A minimal UI XML template looks like this:

<?xml version="1.0" encoding="UTF-8" ?>
<ldlib2-ui xmlns:xsi="http://www.w3.org/2001/XMLSchema-instance"
           xsi:noNamespaceSchemaLocation="https://raw.githubusercontent.com/Low-Drag-MC/LDLib2/refs/heads/1.21/ldlib2-ui.xsd">
    <stylesheet location="ldlib2:lss/mc.lss"/>
    <style>
        .half-button {
            width: 50%
        }
    </style>
    <root class="panel_bg" style="width: 150; height: 300">
        <button text="click me!"/>
        <button class="half-button" text="half"/>
    </root>
</ldlib2-ui>

The attribute xsi:noNamespaceSchemaLocation points to the XSD schema provided by LDLib2. When editing the XML in VS Code, IntelliJ IDEA, or other IDEs, the schema enables:

  • Syntax highlighting
  • Validation and error checking
  • Auto-completion and suggestions

Load UI Xml and setup

You can load and use a UI XML file in the following way:

Editor apperance
var xml = XmlUtils.loadXml(ResourceLocation.parse("ldlib2:tuto.xml"));
if (xml != null) {
    var ui = UI.of(xml);

    // find elemetns and do data bindings or logic setup here
    var buttons = ui.select(".button_container > button").toList(); // by selector
    var container = ui.selectRegex("container").findFirst().orElseThrow(); // by id regex
}
let xml = XmlUtils.loadXml(ResourceLocation.parse("ldlib2:tuto.xml"));
if (xml != null) {
    let ui = UI.of(xml);

    // find elemetns and do data bindings or logic setup here
    let buttons = ui.select(".button_container > button").toList(); // by selector
    let container = ui.selectRegex("container").findFirst().orElseThrow(); // by id regex
}

Info

XmlUtilsalso provides other ways to load XML documents, such as from strings or input streams. Choose the method that best fits your use case.

XML Syntax Overview

LDLib2 UI XML uses a declarative syntax to describe both the UI structure and its styles, similar to HTML + CSS.

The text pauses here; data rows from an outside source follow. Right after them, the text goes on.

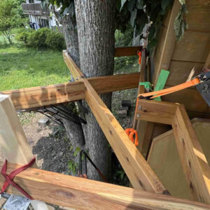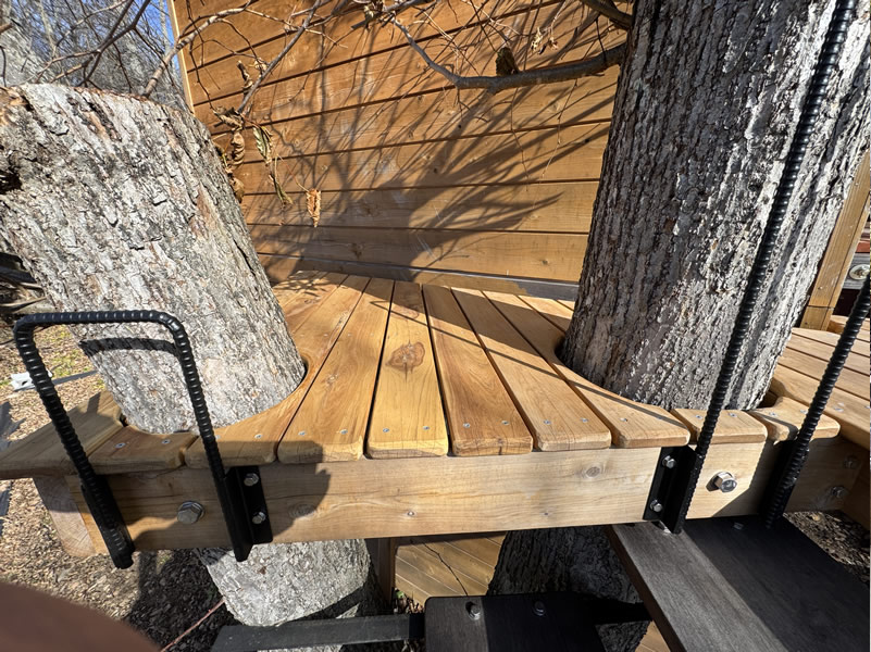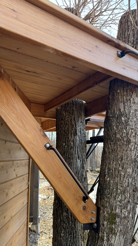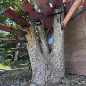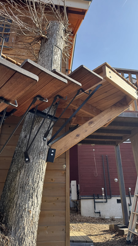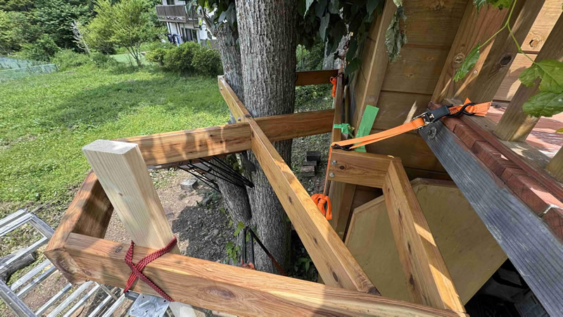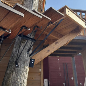 ツリーハウスの様に木だけに固定して、地面からの支えをしない作りです。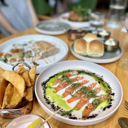 I cannot rave enough about how amazing all the dishes are. Every dish was extremely well seasoned and had great flavor profile, large portion sizes, and fresh ingredients. Our favorite dish had to be the trout! The avocado tahini Cesar was an interesting twist on the salad and the added chicken came on a skewer, fun, and had a smoky flavor. Sea scallops and risotto were creamy and not too salty. And rigatoni bolognese was such a classic dish, done so well! Server was very attentive and well versed in the menu. Atmosphere is lovely as always for a nice family dinner, date, birthday dinner, or business lunch meeting! Indoor and outdoor seating. Recommend making a reservation for weekends as it can get busy! The blossom mimosa was so light and refreshing!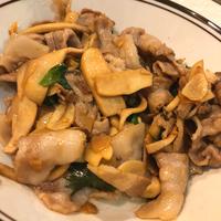 - 2 良い香りがしてきたら、大体の大きさに切った豚バラ肉とエリンギを入れ炒め、(A)を入れて味付けをします。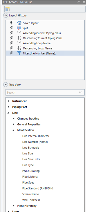 The EDE Actionstab contains the SPI item types that are relevant to the To Do List, for example, if a line was retrieved from SP&ID to SPI, the line item type will be shown in the View Actionstab. These item types are categorized by class, with each item type showing its properties under it. Searching for an item type property brings up a shortlist of results based on the search criteria. You can double-click or drag and drop the property to the To Do List and create a new column.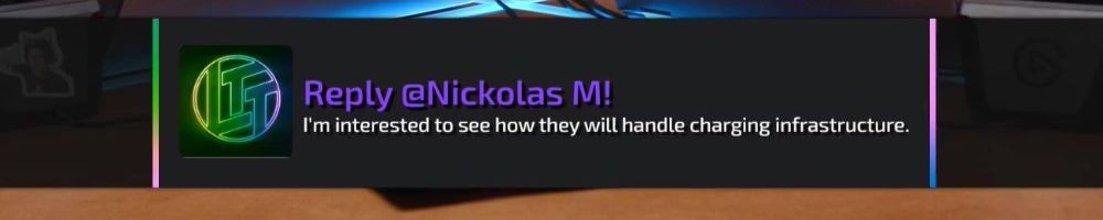 Reply @Nickolas M! I'm interested to see how they will handle charging infrastructure.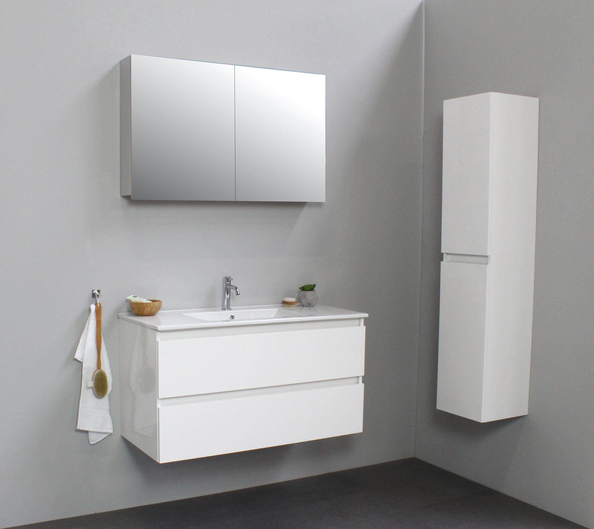 Solidline badkamermeubelset | 100cm | Keramiek | Wit | 1 | Hoogglans wit | Met spiegelkast | Geassembleerd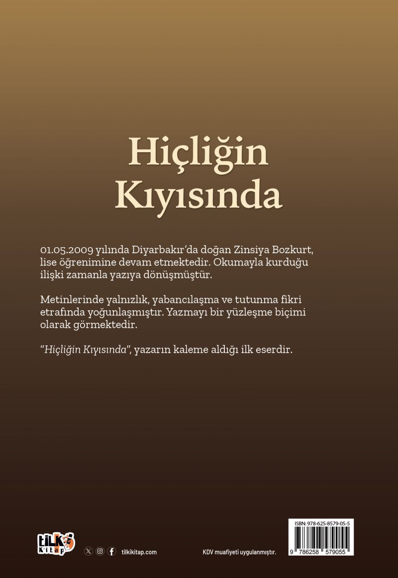 01.05.2009 yılında Diyarbakır'da doğan Zinsiya Bozkurt, lise öğrenimine devam etmektedir. Okumayla kurduğu ilişki zamanla yazıya dönüşmüştür.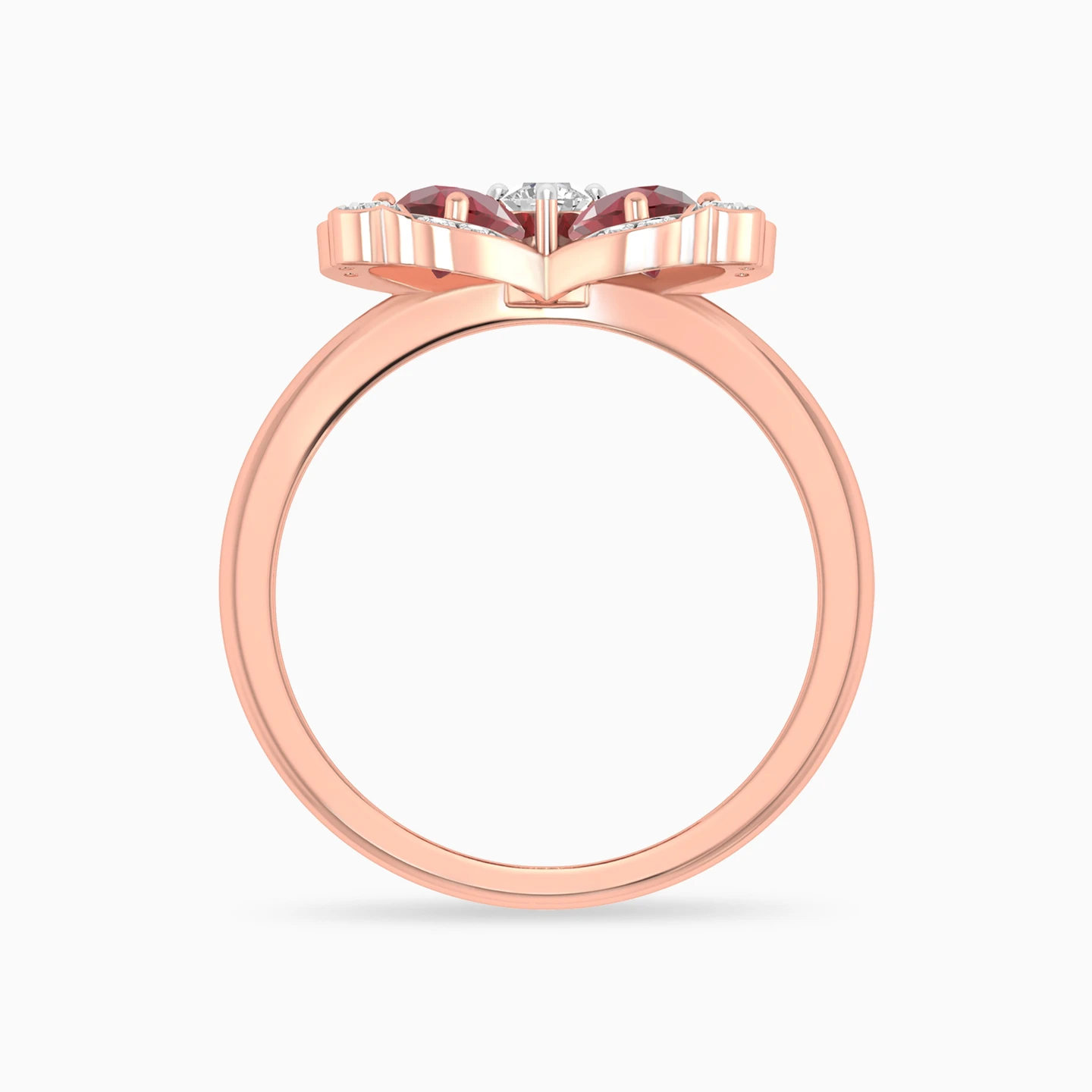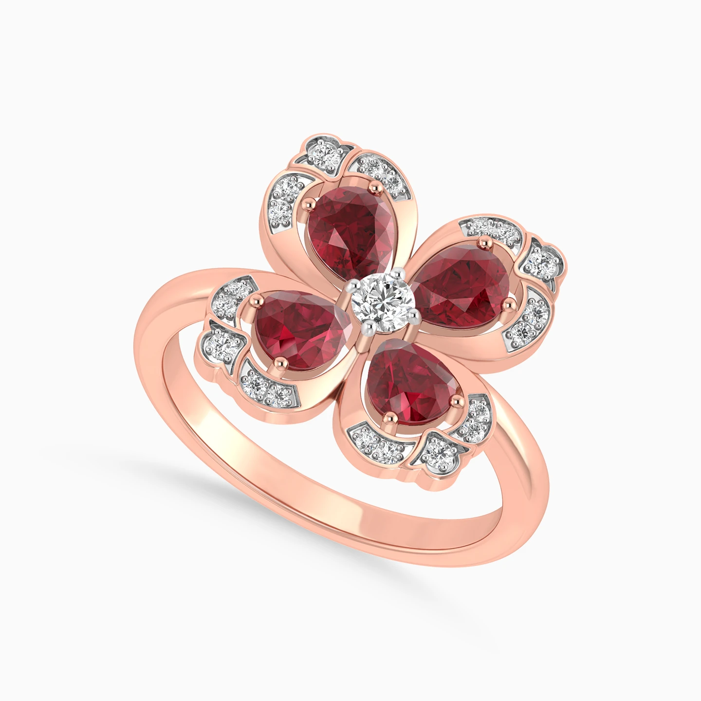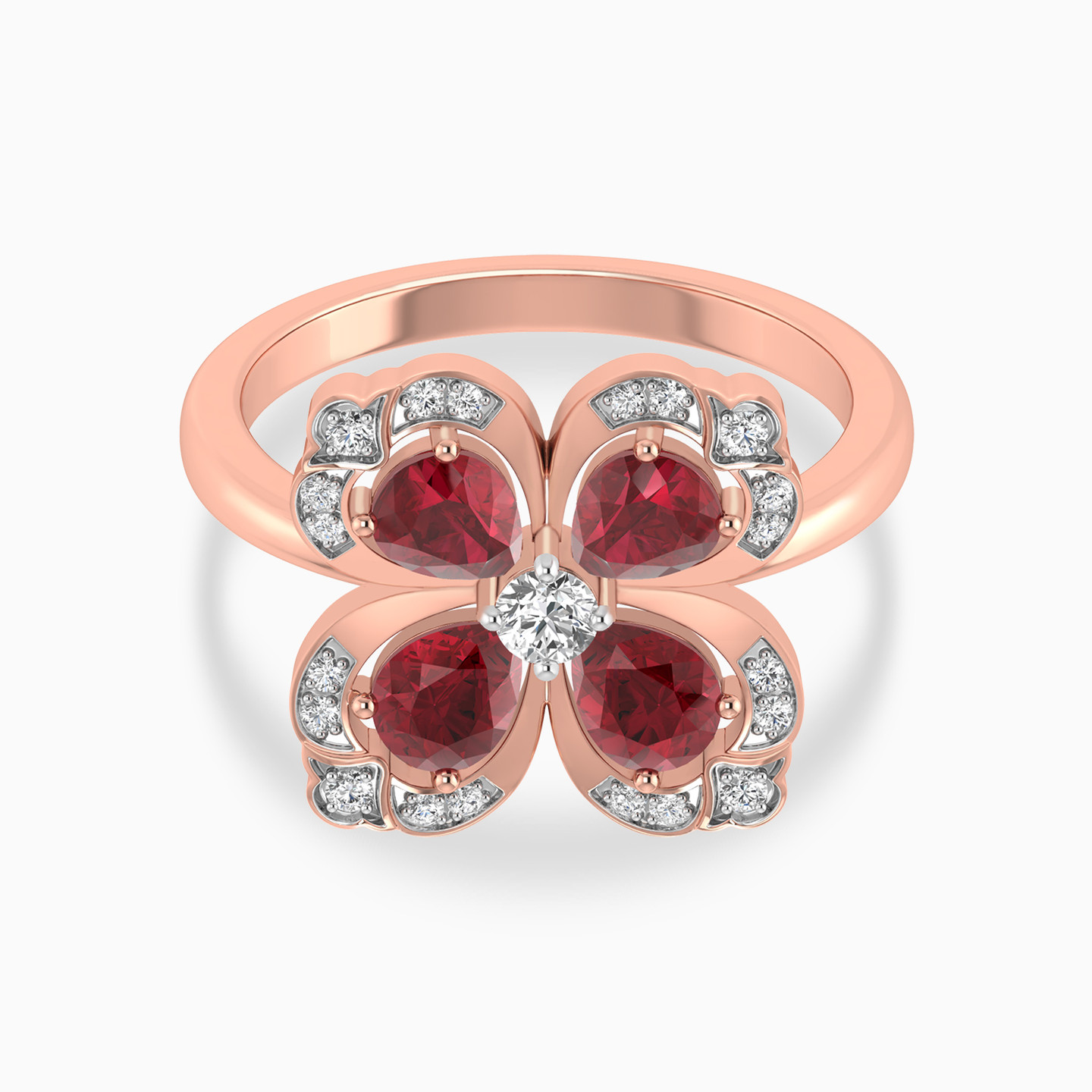 خاتم ذهب زهرة البرسيم عيار 18 قيراط مزين بالألماس وحجر أحمر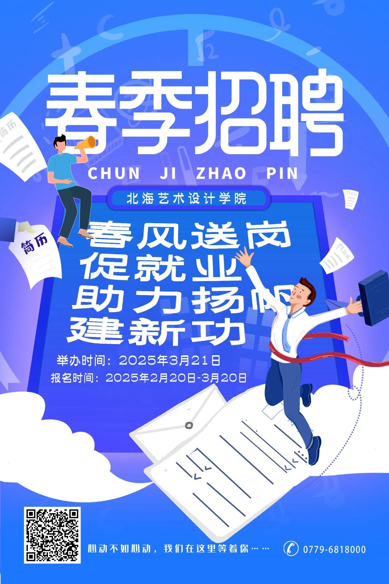 为促进我校毕业生顺利就业、尽早就业,现定于2025年3月21日于北京实践基地(北京邮电大学宏福校区)举办“北海艺术设计学院2025届毕业生春季双选会”(以下简称“双选会”)。诚邀各用人单位报名参加。本次双选会为公益活动,不对任何参会单位及学生收取费用,诚邀各用人单位参会选聘人才!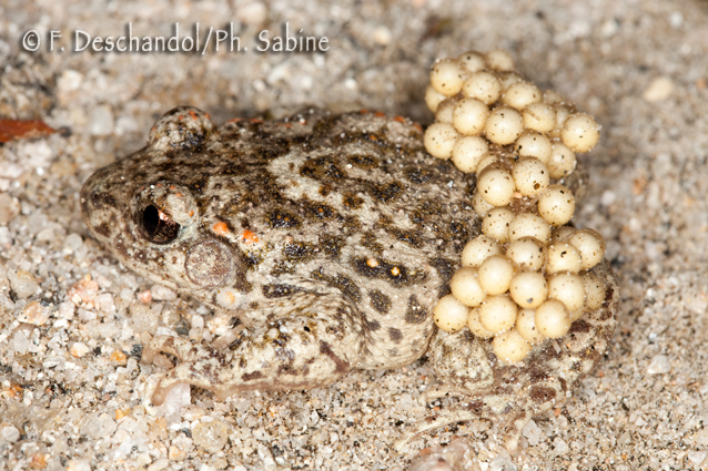 : Alyte accoucheur (Alytes obstetricans boscai), mâle avec oeufs, Fondevila, Espagne.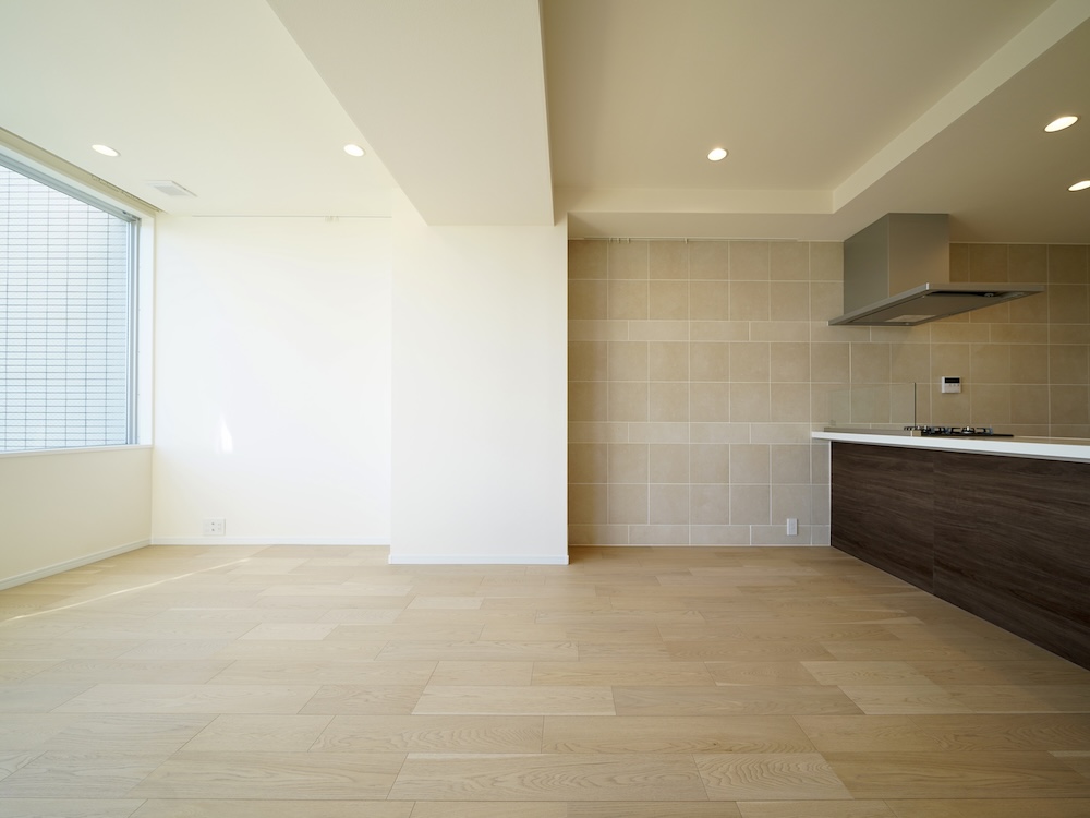 78㎡の3LDKに、35㎡のルーフバルコニーを備える最上階の角部屋。玄関ホールとキッチンのエコカラット、リビングダイニングの床暖房など、贅沢な設計も見どころです。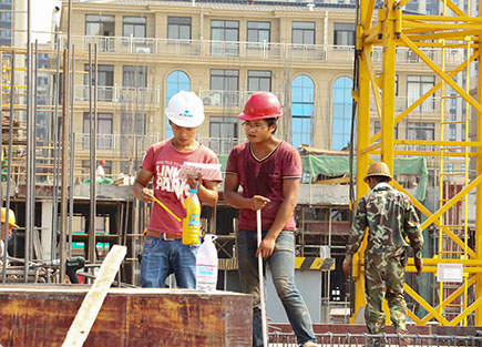 “每次望著自己參加的勞動(dòng),看著房子在一點(diǎn)點(diǎn)增高,就覺(jué)得很有成就感。” 被曬得烏黑的嚴(yán)師傅笑了笑。自文鼎苑項(xiàng)目開(kāi)工以來(lái),他與其他八個(gè)同鄉(xiāng)就一直在這里工作。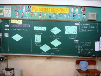 算数科では,図形の面積を求める学習を進めています。今回はひし形の面積を工夫して求める学習でした。小さな三角形を切り取って移動し,長方形にしてから求める方法や,三角形に分けて計算して求める方法,外側に大きな長方形があるとして,その半分の面積を求める方法などが子どもたちの意見から出てきました。最終的には,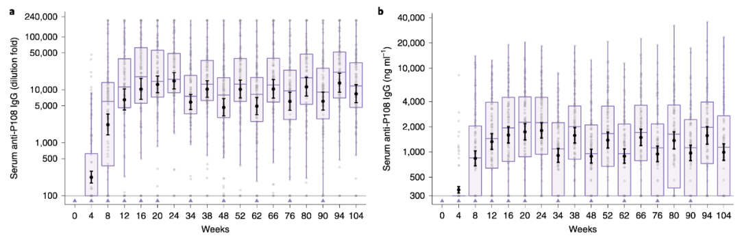 在所测的患者中,92.3%患者体内产生的抗体为IgG1主导型。此外,年龄对AADvac1疫苗诱导的抗体滴度水平影响较小,虽然数据表明年轻患者对疫苗的反应更好一些。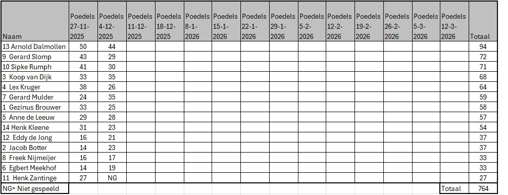 Dinsdag 9 December 13:00 uur -> Groep 1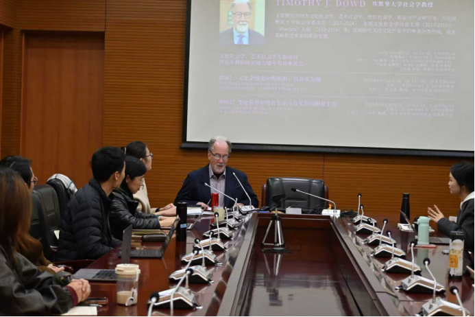 第三项活动是由Dowd教授主讲,题目为“变化世界中的音乐家与音乐界的职业生涯(Musicians and Music Careers in a Changing World)”的讲座,于10月30日中午12:10-13:50在雷竞技RAYBET144会议室举行。讲座由雷竞技RAYBET社会学系系主任王庆明教授主持。王琰教授、秘舒副教授、张龙副教授、于佳煖讲师、陈柙兵助理研究员、许又姜宇博士等师生出席。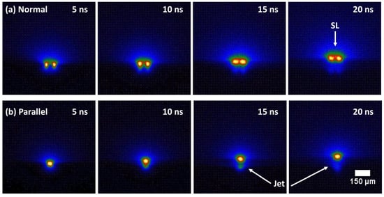 By removing the ICCD from the spectrometer and placing this at the image plane of the focus lens, (f = 75 mm, M ~ 4), the time-resolved plasma plumes were observed, Figure 8. Gate width here is 5 ns, energy/spot = 20 µJ and spot separation d = 75 µm. With spots normal to the optic axis, we can observe plasma expansion, collision and stagnation after 15 ns. When the plumes are imaged parallel to the optic axis and 10–15 ns delay, we see some interesting structure at right angles to the spot axis which may be connected to the jets. The lateral plume expansion velocity can be estimated to be v⊥ ~3.5 × 103 ms−1, decelerating after 15 ns, while the elliptical plume shape which develops supports lateral plasma expansion [35,63].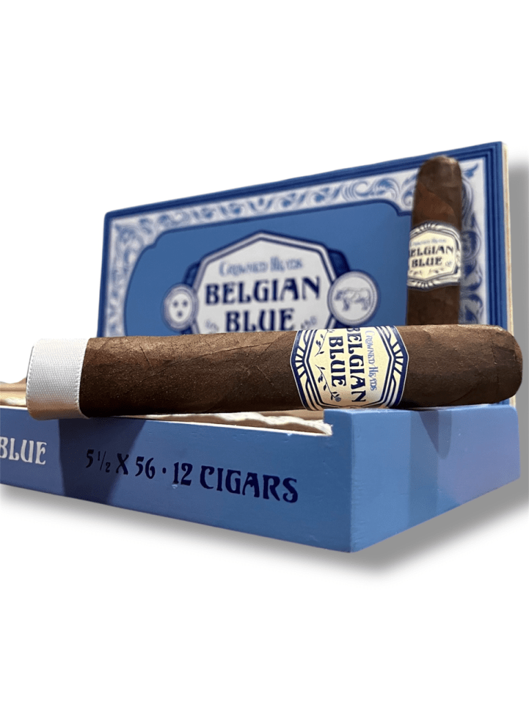 Crowned Heads Belgian Blue LE 2025 is a 5 1/2″ x 56 box-pressed cigar comprised of a blend of Nicaraguan and Dominican tobaccos, an Ecuadorian binder, and is finished with a dark Mexican (San Andres) wrapper. Packaged in 12-count boxes, worldwide production is limited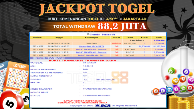 TOGEL88 JACKPOT TOGEL JAKARTA 4D Rp 88.200.000,- LUNAS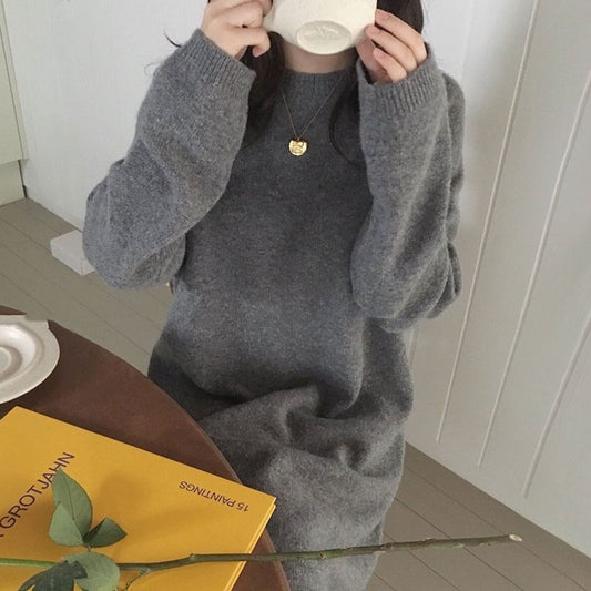 Long-Sleeve Crew Neck Plain Midi Shift Sweater Dress

At the top level, the <ldlib2-ui> root defines a complete UI document.
Inside it, you can describe styles, external stylesheets, and the component tree.

Stylesheet

Note

Read LSS page before reading this chapter.

You can reference external LSS files using the <stylesheet> tag:

<stylesheet location="ldlib2:lss/mc.lss"/>

This allows you to reuse shared styles or let resource packs override UI appearance globally.

When <stylesheet> is placed directly under <ldlib2-ui>, it is a global stylesheet for the whole UI.

Embedded Styles

Inline styles can be defined inside a <style> block using LSS (LDLib Style Sheet) syntax:

<style>
    label:host {
        vertical-align: center;
        horizontal-align: center;
    }
    .flex-1 {
        flex: 1;
    }
    .bg {
        background: sprite(ldlib2:textures/gui/icon.png)
    }
</style>

When <style> is placed directly under <ldlib2-ui>, it is also global for the whole UI.

Local Stylesheet on Elements

You can also place <style> or <stylesheet> inside any element node (for example root, element, button, tab, selector).

In this case, the stylesheet is treated as a local stylesheet and only affects:

  • the current element
  • its descendants

It does not affect parent elements or sibling branches.

<root>
    <element id="left-panel">
        <style>
            button {
                width: 70;
            }
        </style>
        <button text="inside panel"/>
    </element>

    <button text="outside panel"/>
</root>

In the example above, the width rule applies to the button inside left-panel, not to the sibling button outside.

Note

ldlib2-ui.xsd includes these element-level <style> / <stylesheet> nodes, so IDE schema validation and completion work for local stylesheet definitions too.

Inline Style Attribute

For quick adjustments, styles can also be set directly on elements:

<button style="height: 30; align-items: center;"/>

Inline styles have higher priority than stylesheet rules.

Component Tree

The UI layout is described as a tree of elements under <root>. Each XML node maps to a UI component, and nesting defines parent–child relationships.

Attributes are used to configure component properties, while child nodes define structure.


In short:

  • <stylesheet> → load external styles
  • <style> → define embedded styles
  • element-level <stylesheet> / <style> → local stylesheet scoped to that element subtree
  • style attribute → inline styles
  • XML hierarchy → UI component tree

This makes UI definitions clear, readable, and easy to maintain.